### Requirement
Nothing but the lines below from the one containing "Roste bujně, později" through the one containing "результатам 2009 года." should appear in the answer, exact and without pictures.

· · · · ·

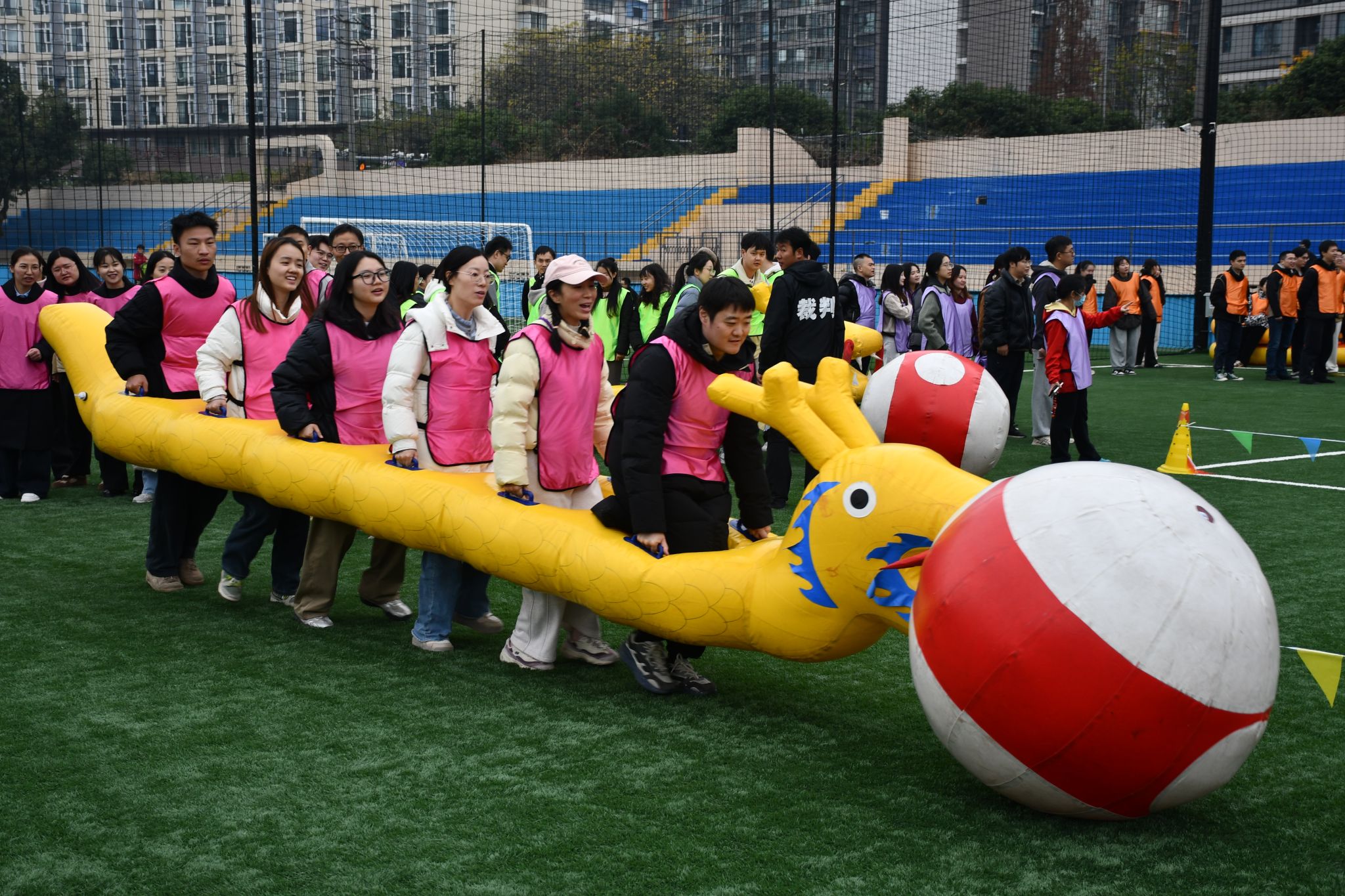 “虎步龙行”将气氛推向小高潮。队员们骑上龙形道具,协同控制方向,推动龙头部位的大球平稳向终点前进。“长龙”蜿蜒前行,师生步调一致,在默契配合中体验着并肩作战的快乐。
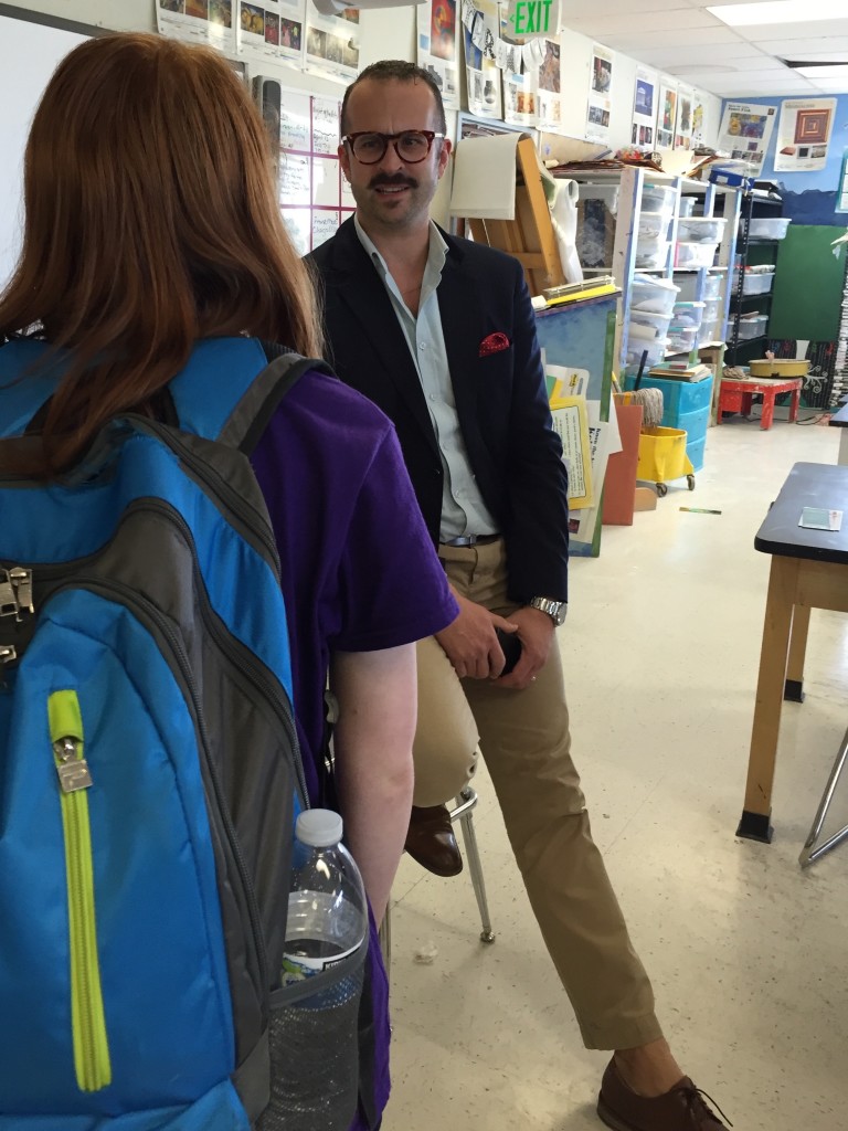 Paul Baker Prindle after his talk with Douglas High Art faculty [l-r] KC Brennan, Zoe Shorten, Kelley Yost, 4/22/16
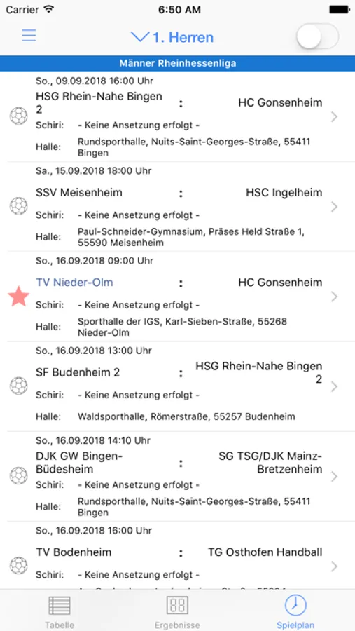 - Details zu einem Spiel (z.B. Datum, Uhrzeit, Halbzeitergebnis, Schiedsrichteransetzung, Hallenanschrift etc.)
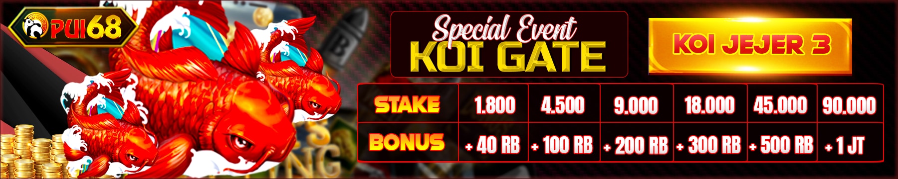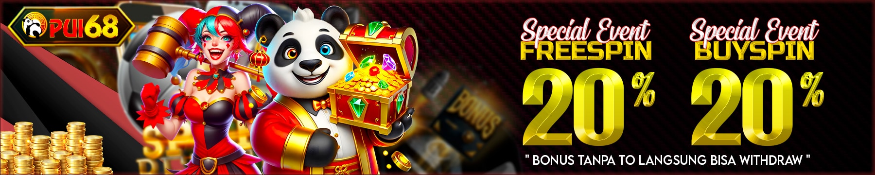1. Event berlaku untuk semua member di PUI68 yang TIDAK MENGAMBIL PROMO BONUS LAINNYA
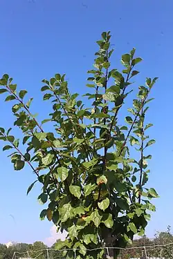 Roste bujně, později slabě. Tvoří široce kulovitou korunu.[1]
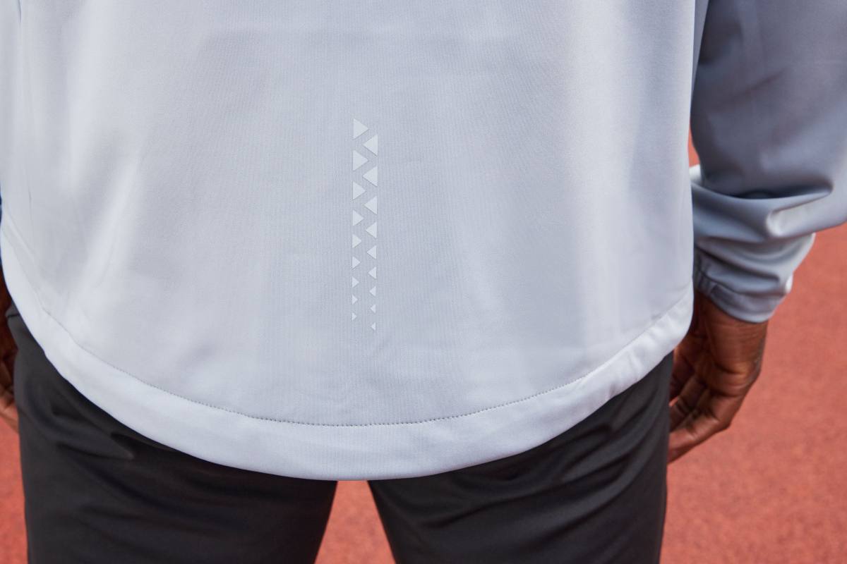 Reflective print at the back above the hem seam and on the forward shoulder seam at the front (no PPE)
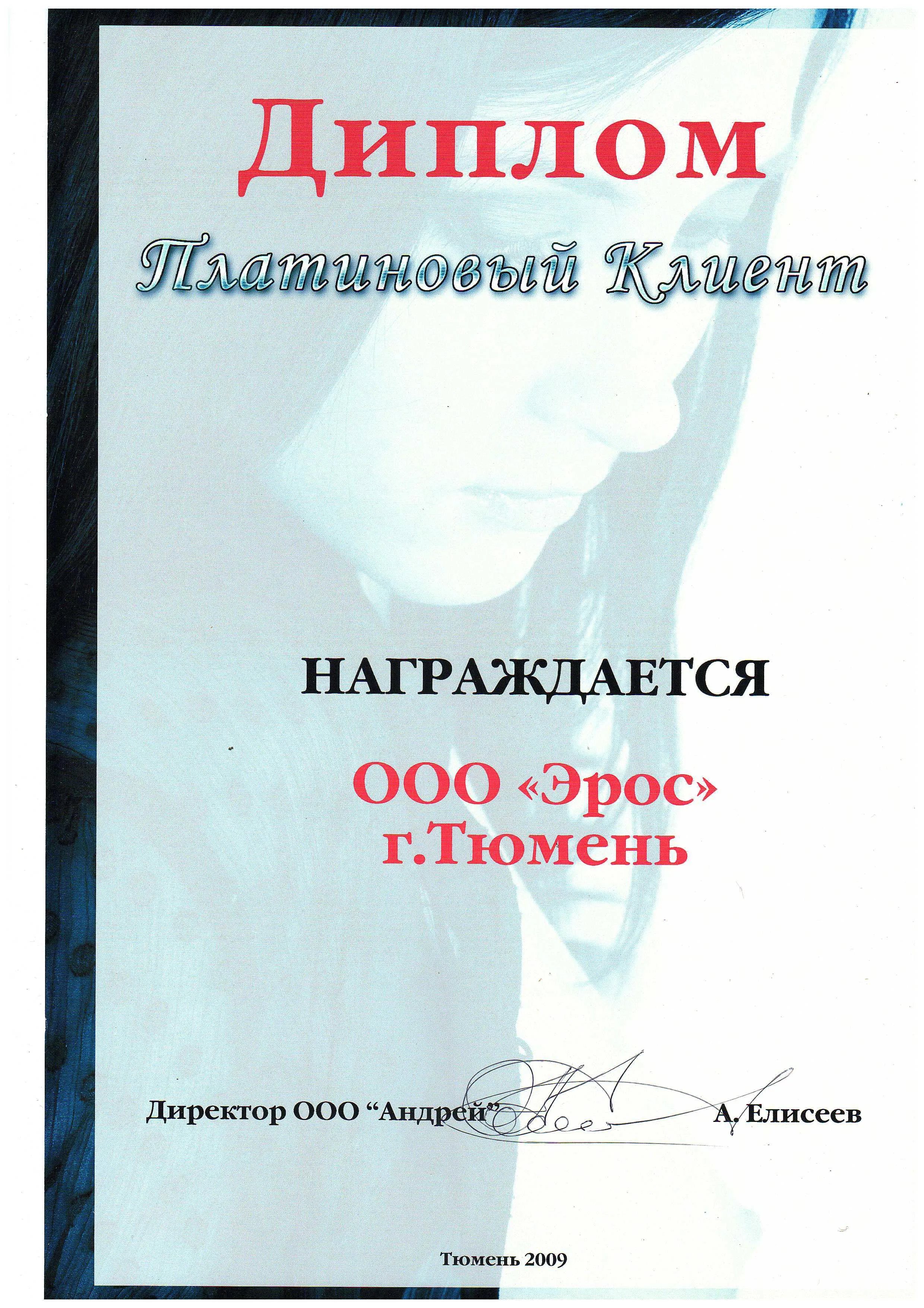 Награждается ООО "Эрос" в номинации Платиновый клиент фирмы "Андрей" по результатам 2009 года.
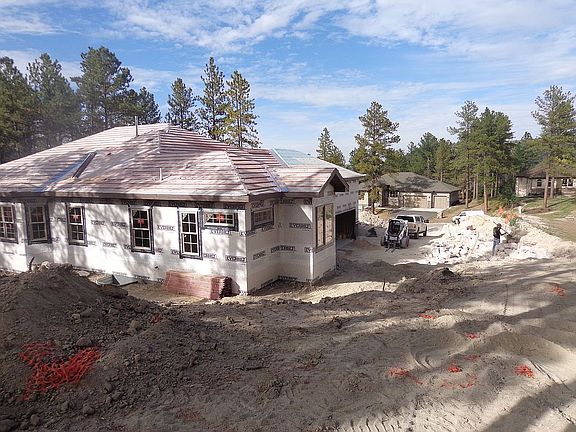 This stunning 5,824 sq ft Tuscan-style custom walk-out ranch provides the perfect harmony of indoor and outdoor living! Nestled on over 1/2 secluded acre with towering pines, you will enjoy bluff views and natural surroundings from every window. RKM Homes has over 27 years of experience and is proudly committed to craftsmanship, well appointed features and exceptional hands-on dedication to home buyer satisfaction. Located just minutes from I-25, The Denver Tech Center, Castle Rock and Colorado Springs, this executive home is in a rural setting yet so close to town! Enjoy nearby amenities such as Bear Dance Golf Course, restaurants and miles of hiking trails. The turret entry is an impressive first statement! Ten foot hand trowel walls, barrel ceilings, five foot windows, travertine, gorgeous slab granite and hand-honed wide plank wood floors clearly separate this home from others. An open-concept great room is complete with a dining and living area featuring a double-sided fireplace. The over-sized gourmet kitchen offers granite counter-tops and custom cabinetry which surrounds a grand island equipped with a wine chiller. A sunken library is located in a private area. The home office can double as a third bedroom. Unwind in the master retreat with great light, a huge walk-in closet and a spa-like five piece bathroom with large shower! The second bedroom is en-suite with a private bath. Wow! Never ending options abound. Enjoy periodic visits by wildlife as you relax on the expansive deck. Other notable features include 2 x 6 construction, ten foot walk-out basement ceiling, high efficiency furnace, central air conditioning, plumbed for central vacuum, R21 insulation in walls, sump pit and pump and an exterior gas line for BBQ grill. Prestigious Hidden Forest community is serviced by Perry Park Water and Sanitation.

· · · · ·

### Solution for this task
 Roste bujně, později slabě. Tvoří široce kulovitou korunu.[1]
 Reflective print at the back above the hem seam and on the forward shoulder seam at the front (no PPE)
 Награждается ООО "Эрос" в номинации Платиновый клиент фирмы "Андрей" по результатам 2009 года.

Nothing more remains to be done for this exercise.